Nsiah-Kumi Phyllis A, Ariza Adolfo J, Mikhail Laura M, Feinglass Joseph, Binns Helen J
Department of Internal Medicine, Section of General Internal Medicine, Northwestern University Feinberg School of Medicine, Chicago, IL, USA.
Acad Pediatr. 2009 Jan-Feb;9(1):53-9. doi: 10.1016/j.acap.2008.11.001.
The aims of this study were to examine factors related to 1) parental perception of health risks for overweight children and 2) parents' self-efficacy for influencing their children's dietary and physical activity behaviors, especially in relation to family history (FH) of diabetes and cardiovascular disease (CVD).
A consecutive sample of parents was surveyed at 7 primary care practices about FH, perceptions of childhood obesity-related health risks, health beliefs, and perceptions. Generalized estimated equation models clustering on practice were developed to examine associations with perceptions and self-efficacy.

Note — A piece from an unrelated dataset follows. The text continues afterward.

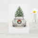 A beautifully nostalgic Christmas card featuring a classic silver car carrying a freshly cut Christmas tree on its roof. A festive wreath with a bright red bow decorates the back, adding a warm traditional holiday touch. Soft vintage tones, gentle snowfall accents and hand painted details create the charm of an old fashioned Christmas journey. A lovely way to share heartfelt Merry Christmas wishes.
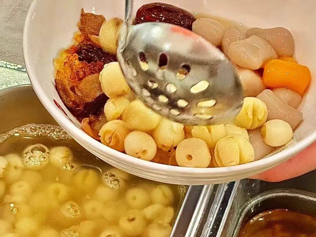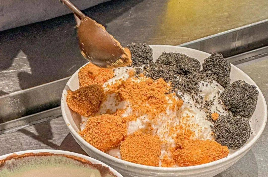 挖一大勺入口,淡淡的米香混合芋头香味,清爽细腻,小料Q弹爽滑、口感层次丰富。

Analyses included 386 parents of children aged 2 to 17 years. Sixty-seven percent had FH of CVD and 33% had FH of diabetes. Children were 57% white, 23% Hispanic, 12% African American, and 8% other race/ethnicity; 17% were overweight and 18% were obese. Parents whose child had FH of diabetes more often perceived higher risk of diabetes for overweight children than those with neither FH risk (adjusted odds ratio [OR] 1.4, 95% confidence interval [95% CI], 1.2-1.7), as did those with FH of CVD (adjusted OR 2.0, 95% CI, 1.6-2.5) and those with an obese child. Parents with less than college education or having African American and female children perceived risk less often. Parents had high self-efficacy for influencing their child if they had a strong belief in parental modeling and their child was aged <12 years.
Family history of diabetes and CVD and other factors are associated with parents' perceptions of health risks for overweight children. Strategies to use FH to motivate families with overweight children toward behavior change are needed.
本研究旨在探讨与以下两方面相关的因素:1)父母对超重儿童健康风险的认知;2)父母在影响其子女饮食和身体活动行为方面的自我效能感,特别是与糖尿病和心血管疾病(CVD)的家族史(FH)相关的因素。
在7家初级保健机构对连续抽样的父母进行了调查,内容包括家族史、对儿童肥胖相关健康风险的认知、健康信念和看法。建立了以机构为聚类变量的广义估计方程模型,以检验与认知和自我效能感的关联。
分析纳入了386名2至17岁儿童的父母。67%的父母有心血管疾病家族史,33%有糖尿病家族史。儿童中57%为白人,23%为西班牙裔,12%为非裔美国人,8%为其他种族/族裔;17%超重,18%肥胖。孩子有糖尿病家族史的父母比没有家族史风险的父母更常认为超重儿童患糖尿病的风险更高(调整后的优势比[OR]为1.4,95%置信区间[95%CI]为1.2 - 1.7),有心血管疾病家族史的父母也是如此(调整后的OR为2.0,95%CI为1.6 - 2.5),孩子肥胖的父母同样如此。受教育程度低于大学水平或孩子为非裔美国人及女孩的父母较少感知到风险。如果父母坚信自身榜样作用且孩子年龄小于12岁,他们在影响孩子方面具有较高的自我效能感。
糖尿病和心血管疾病家族史及其他因素与父母对超重儿童健康风险的认知相关。需要采取利用家族史来促使超重儿童家庭改变行为的策略。